That the Huracán was designed with open-roofed aspirations from the start helps the cause, and it means that popping the top didn’t require extra bracing for its aluminum and carbon-fiber spaceframe. Lamborghini R&D head Maurizio Reggiani says torsional rigidity is reduced by 10 percent versus the coupe, although detecting the loss is all but impossible—90 percent of hyperstiff is still hyperstiff. Indeed, we couldn’t detect a hint of cowl quiver in our drive around extremely rainy Miami.

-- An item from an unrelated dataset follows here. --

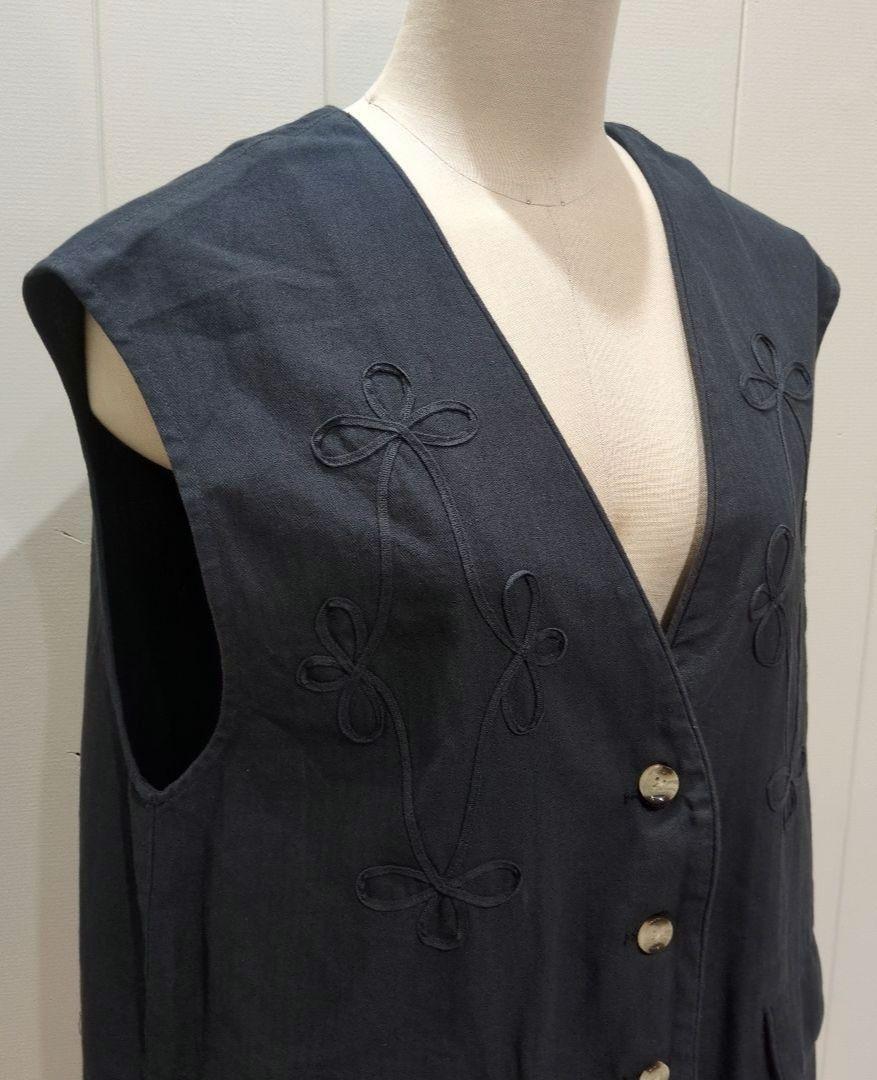 【商品名】コード刺繍 ベスト ジレ コットン100% レディース

Lamborghini Huracan LP610-4 Spyder
While trundling around the city, we found the transmission to be transparent, never clunky or harsh, and throttle tip-in seems tuned for a strip mall, not the drag strip. This makes the Spyder very livable; besides, launch control is available for forays to the wild side.
About the V-10’s cylinder deactivation: We had thought that it operated by stopping fuel delivery and cutting spark to one full cylinder bank, leaving the engine to run as an inline-five. In reality, the five cylinders that fire are in constant flux to equalize engine wear. However, because valve operation is not suspended, the efficiency gain attributable to reduced pumping losses is lower than it could be.

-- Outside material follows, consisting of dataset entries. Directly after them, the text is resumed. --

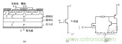 IGBT相當于一個由MOSFET驅動的厚基區GTR。從圖中我們還可以看到在集電極和發射極之間存在著一個寄生晶閘管,寄生晶閘管有擎住作用。采用空穴旁路結構并使發射區寬度微細化后可基本上克服寄生晶閘管的擎住作用。IGBT的低摻雜N漂移區較寬,因此可以阻斷很高的反向電壓。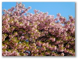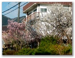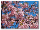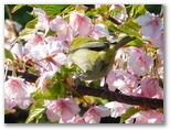 圓應寺に別れを告げ、5分も行かぬうち、花岳院に着きました。満開の桜が外からも見えます。伊東小室桜という品種で、自然交配により生まれ、地元で発見されたそうです。葉桜になっているので、遠くから見たときは色が濁って、もう終わりかと思いました。でも寺の中で見ると、花も葉もみずみずしい春の色。とてもきれいです。他に大輪のバラのような椿や、びっしりと咲いた紅梅などが見られました。禅寺は、いずこの寺もきれいに造られています。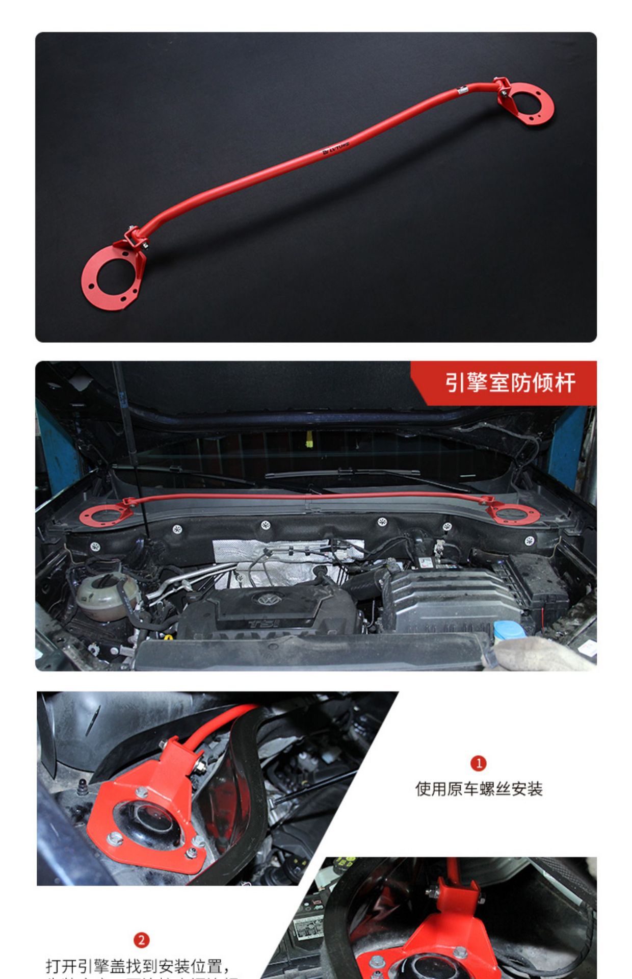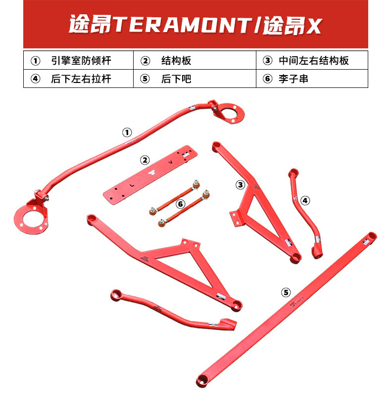 Red Front Upper Strut Bar Anti-Roll Sway Bar Subframe Reinforcement for VW Teramont Atlas Teramont X Viloran 2017-Present

Lamborghini is in the unique position of having the only naturally aspirated fleet of exotics, and it plans to keep its supercars that way for as long as it can. (The upcoming Urus SUV will be the first turbocharged Lambo, and it also will offer a hybrid powertrain.) Turbocharged engines are inherently more efficient, and Lambo knows that it eventually will have to adopt them to meet environmental regulations. In the meantime, the Huracán nods to efficiency by having only half of the V-10 active under light loads. Of course, this can only do so much, and a $1700 gas-guzzler tax is part of the Spyder’s $267,545 base sticker.
Miami roads aren’t exactly known for their fun factor. The graph-paper grid of 90-degree corners didn’t allow us to detect exactly how the Spyder’s at-the-limit handling benefits from the optional $3400 magnetorheological dampers or the standard 20-inch Pirelli P Zero tires. The ride is as supple as any 200-mph supercar this side of the hydropneumatic suspension setup from McLaren, however. All indications are that this Spyder is just as capable as the sublime coupe.
Coming on the heels of the Huracán Spyder will be the Urus; it’s a profit-driven, Cayenne-like move from this corporate cousin to Porsche. While this seems to go against brand ethos, Stuttgart proved it a worthwhile business practice (and we likely needn’t remind you of the original Lamborghini SUV). Current Lambo boss—Il Presidente, according to company letterhead—and imminent chief of Audi Quattro Stephan Winkelmann has said the Urus might sell 3000 units a year, which would nearly double total Lamborghini sales. That might liven up Sant’Agata in a way the town has never known.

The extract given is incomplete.